From: Lorenzo Pieralisi
Date: Tue Nov 06 2018 - 11:34:23 EST


On Mon, Oct 08, 2018 at 10:18:47AM -0600, Keith Busch wrote:
> On Fri, Oct 05, 2018 at 12:31:45PM -0500, Bjorn Helgaas wrote:
> > [+cc arm64 folks, LKML: This conversation is about this patch:
> >
> > https://lore.kernel.org/linux-pci/20180918235848.26694-3-keith.busch@xxxxxxxxx
> >
> > which fixes some PCIe AER error injection bugs, but also makes the error
> > injector dependent on DYNAMIC_FTRACE_WITH_REGS, which not all arches
> > support. Note that this question is only about the error *injection*
> > module used for testing. It doesn't affect AER support itself.]
> >
> > On Thu, Oct 04, 2018 at 04:11:37PM -0600, Keith Busch wrote:
> > > On Thu, Oct 04, 2018 at 04:40:15PM -0500, Bjorn Helgaas wrote:
> > > > On Tue, Sep 18, 2018 at 05:58:36PM -0600, Keith Busch wrote:
> > > > > I ran into a lot of trouble testing error handling, and this series is
> > > > > just trying to simplify some things.

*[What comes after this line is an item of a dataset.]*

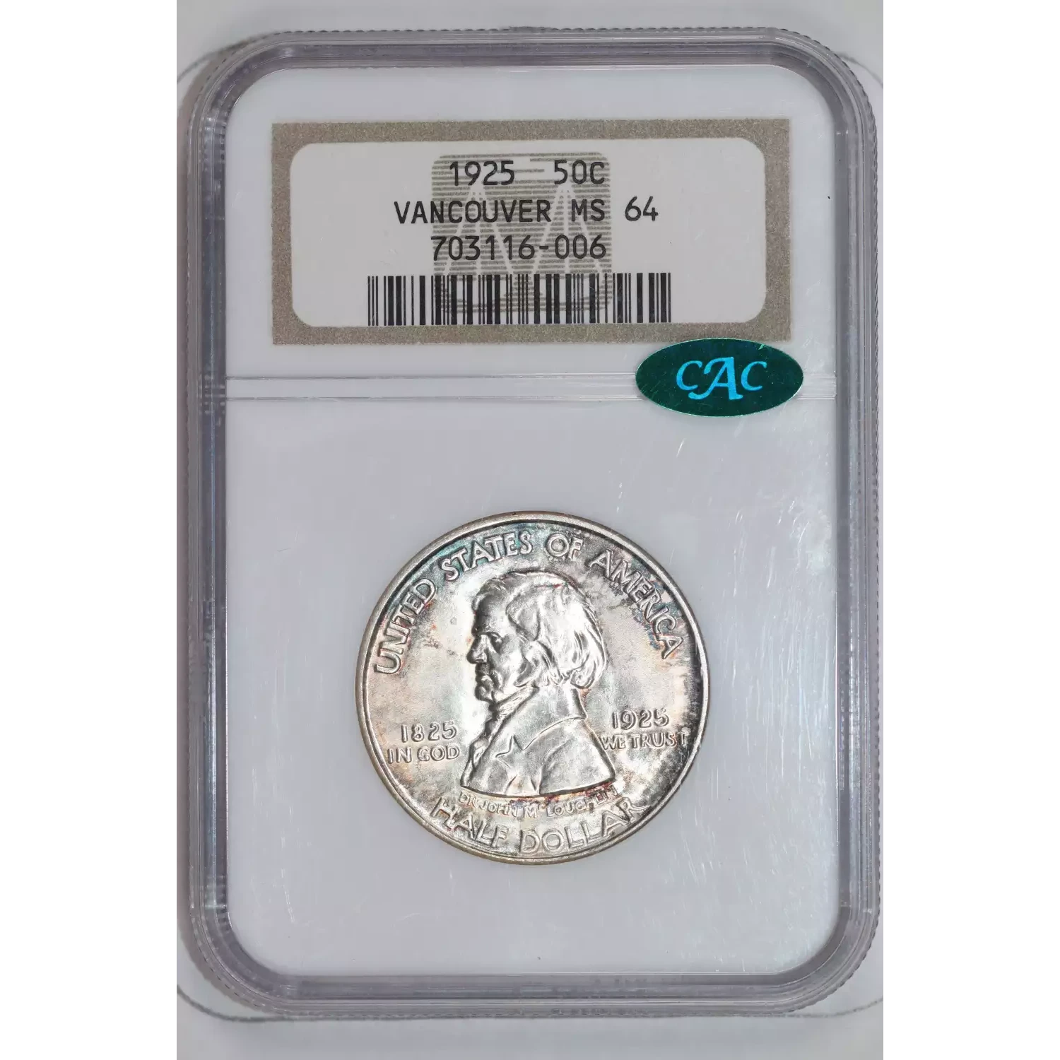 1925 VANCOUVER SILVER COMMEMORATIVE HALF DOLLAR NGC MS64 - VERY PQ CAC!

The first 4 fix up aer_inject, and
> > > > > the rest are cleanup to make better use of kernel APIs.
> > > > >
> > > > > Keith Busch (12):
> > > > > PCI: Set PCI bus accessors to noinline
> > > > > PCI/AER: Covertly inject errors
> > > > > PCI/AER: Reuse existing service device lookup
> > > > > PCI/AER: Abstract AER interrupt handling
> > > > > PCI/AER: Remove dead code
> > > > > PCI/AER: Remove error source from aer struct
> > > > > PCI/AER: Use kfifo for tracking events
> > > > > PCI/AER: Use kfifo helper inserting locked elements
> > > > > PCI/AER: Don't read upstream ports below fatal errors
> > > > > PCI/AER: Use threaded IRQ for bottom half
> > > > > PCI/AER: Use managed resource allocations
> > > > > PCI/pciehp: Use device managed allocations
> > > > >
> > > > > drivers/pci/access.c | 4 +-
> > > > > drivers/pci/hotplug/pciehp_core.c | 14 +-
> > > > > drivers/pci/hotplug/pciehp_hpc.c | 48 ++----
> > > > > drivers/pci/pcie/Kconfig | 2 +-
> > > > > drivers/pci/pcie/aer.c | 219 ++++++---------------------
> > > > > drivers/pci/pcie/aer_inject.c | 306 ++++++++++++++++++++------------------
> > > > > drivers/pci/pcie/portdrv.h | 4 -
> > > > > drivers/pci/pcie/portdrv_core.c | 1 +
> > > > > 8 files changed, 227 insertions(+), 371 deletions(-)
> > > >
> > > > Thanks a lot for doing this! I applied these to pci/hotplug for
> > > > v4.20, except for "PCI/AER: Don't read upstream ports below fatal
> > > > errors", which seems to be already there via another posting, and
> > > > "PCI/pciehp: Use device managed allocations", which needs a few
> > > > tweaks.
> > >
> > > Sounds good, and thanks for applying!
> > >
> > > In case this went unnoticed, patch 2's aer_inject using ftrace hooks
> > > to pci config accessors is really cool and fixes several kernel crashes
> > > I encountered, but it may not work on every architecture. I'm not sure
> > > how widely aer_inject is used, so maybe there are no concerns with the
> > > DYNAMIC_FTRACE_WITH_REGS dependency, but I just want to reemphasize that
> > > dependency in case there are valid objections.
> >
> > Oh, indeed, I hadn't noticed this arch dependency. AFAICT, the new
> > DYNAMIC_FTRACE_WITH_REGS dependency means aer_inject will work only
> > on these arches:
> >
> > arm # if (!XIP_KERNEL) && !CPU_ENDIAN_BE32 && MMU
> > powerpc # if PPC64 && CPU_LITTLE_ENDIAN
> > riscv # ARCH_RV64I only
> > s390
> > x86
> >
> > Notably missing is arm64, which has DYNAMIC_FTRACE but not
> > DYNAMIC_FTRACE_WITH_REGS.
> >
> > Bjorn
>
> Looks like the kbuild bot found an ARM kernel config that has
> DYNAMIC_FTRACE_WITH_REGS set, and then the module can't compile
> there. I'll need to update this patch regardless, and I think the right
> thing to do is maintain the "old" way with conditional compiling for
> any arch specific features.

The question is whether we really need to dynamically patch the kernel
with ftrace to achieve what that patch does.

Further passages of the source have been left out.